Since prior attempts at enhancing productivity in horizontal wellbores have not been entirely successful, the art is still in need of a system capable of reliably and substantially controlling, monitoring and enhancing production from unconsolidated horizontal wellbores.
The above-identified drawbacks of the prior art are overcome or alleviated by the unconsolidated horizontal zonal isolation and control system of the invention.
The invention teaches a zonally isolated horizontal unconsolidated wellbore where packers are not employed on the outside of the basepipe but a reliable zonal isolation is still created. Zones are created by interspersing blank basepipe with slotted or otherwise "holed" basepipe. The blank pipe is not completely blank but rather includes closeable ports therein at preselected intervals. Screens are employed over these ports and (as conventional) over the slotted basepipe. Upon gravel packing, a near 100% of pack is achieved over the blank pipe section because of the closeable ports. Only about 60% is achievable without the ports. With a full gravel pack of a preselected distance, i.e., the distance of the blank pipe, and the ports closed, isolation is assured with fluid produced for a bad zone being virtually completely prevented from migrating to the next zone. By shutting off production from the undesirable zone, then, through production string seals, only the desired fluid is produced.
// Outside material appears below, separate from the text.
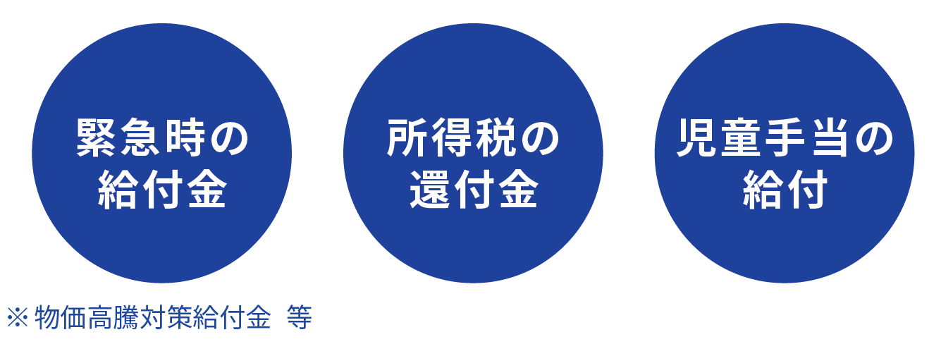 児童手当や年金、所得税の還付金、緊急時の給付金などの申請時に、口座情報の確認が不要になります。
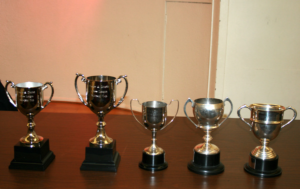 This year was marked by having all the cups available at the same time for presentation. This was due entirely to the efforts of League President, Brian Aldwin and Secretary Tim Paulden, who have invested considerable time and energy in getting all the existing trophies engraved up-to-date, plus the purchase of 2 new trophies to replace lost ones. The reduction in the number of leagues from 4 to 2, has been compensated for by having extra prizes in the new divisions - the equivalent of grading prizes in a congress.

FIG. 1 is a schematic cross section view of an unconsolidated zonal isolation and control system of the invention;
FIG. 1A is a schematic cross section as in FIG. 1, illustrating the washpipe;
FIG. 2 is a schematic cross section view of a horizontal gravel packed zonal isolation system with dehydration ports in a blank pipe section;
FIG. 3 is an enlarged schematic cross section view of a dehydration section from the invention of FIG. 2; and
FIG. 4 is a cross section view of FIG. 3 taken along section line 4--4.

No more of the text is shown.